Education informatics and challenges of applied programs

EDIT: This is a re-posted entry from my previous blog.

The program from which I received my PhD had a lot of quantitative methods, as was (is?) common among many of the more research-heavy education policy programs at the time. My required courses included statistics, multiple classes on regression analysis, causal inference, and a year-long practicum course on quantitative analysis. The focus on quantitative methods was so much so that I don’t think it’s particularly a secret that some people were concerned that we, the students, were not getting quite enough exposure in our coursework to content issues or, alternatively, other ways of creating knowledge.

At the same time, given my interests, I also self-selected into a course plan that was heavily dominated by quantitative methods, which included a smattering of courses across various departments. In addition, I try to do my best to stay up on current trends in quantitative methods, both in terms of econometric ideas as well as the emerging fields of “data science” (ambiguously named) and machine learning. And while I as a faculty member do not have any particular desire to have students replicate my experiences (unless they want to), I do find it difficult to figure out what a quantitative methods program would look like that effectively covers the various kinds of questions and issues that students might encounter, giving them a deep understanding of what the methods are doing and why while avoiding making a quantitative-only focused program.

In general, my concern is that I do think a researcher who wants to do quantitative work should be adept and complex in their thinking about the three major branches of quantitative questions: descriptive, explanatory, and predictive (these categories are simplified, I know, but that’s an issue for another time). The tide I am seeing that concerns me is that while there may have been a point where fairly simple methods of analysis and presentation were good enough to accomplish these goals, there are now fairly complex, advanced ways of dealing with these issues that are hard to figure out how to fit into one or two applied statistics courses.

  • Descriptive: One of the big places I see advances in descriptive approaches, for example, is data visualization. The world of data visualization has evolved over time, and there are entire academic programs of study that focus on visualization and how to communicate data and gather insights from said data about what is happening in our world. Not only that, but the tools continue to evolve, whether in point-and-click interfaces like Tableau or coding interfaces like the ggplot2 suite in R. However, I think academic programs often cover through basic visualizations and descriptive methods (e.g., so many scatter plots), but don’t get very deep into having students understand how to be complex and flexible in their thinking and presentation.

  • Explanatory: At the end of the day, when it comes to explanatory questions in quantitative methods, I think we need to admit to ourselves that most of the time, we are talking about causal inference. The design of randomized experiments is certainly important, but there are also complex ways to infer causality from non-experimental data that are now part of the bread and butter of the policy analyst (e.g., regression discontinuity). Of course, I’m biased by virtue of my training from (mostly) economists, but I think advances in econometrics and other social sciences have raised the bar for what should be expected from an emerging education policy researcher.

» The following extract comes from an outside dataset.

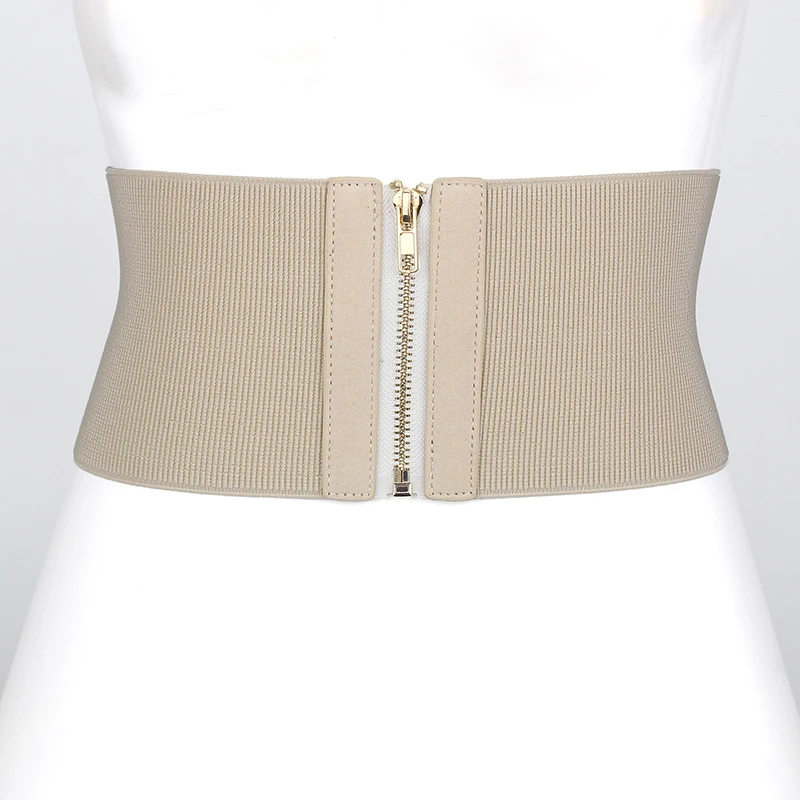 Product Name: Женский однотонный широкий пояс на молнии, эластичный пояс, эластичный пояс, тонкий модный хаки, верблюжий, черный, 200 A953

  • Predictive: On the predictive questions note, I’m a little less sure about the future, as we exist in an era (it seems) where the focus on things like model fit and cross-validation are less emphasized than concerns about endogeneity. Not only that, but given the incentives and outcomes expected in academic life (e.g., academic journal articles), it’s not entirely clear to me what the outlets are for people who do work that is meant to produce, as an end product, a model. However, these methods are indeed a part of education policy life. Take, for example, machine learning studies and products focused on creating models that can predict whether or not a student drops out of e-learning. While I don’t think we’re at the point where an emerging education policy researcher needs to have an in-depth understanding of machine learning models (not to mention that I don’t get the impression that many machine learning users understand the models either), but shouldn’t students at least get a good introduction to those methods (e.g., decision trees, neural nets) so that they understand the way they can be used to answer important questions?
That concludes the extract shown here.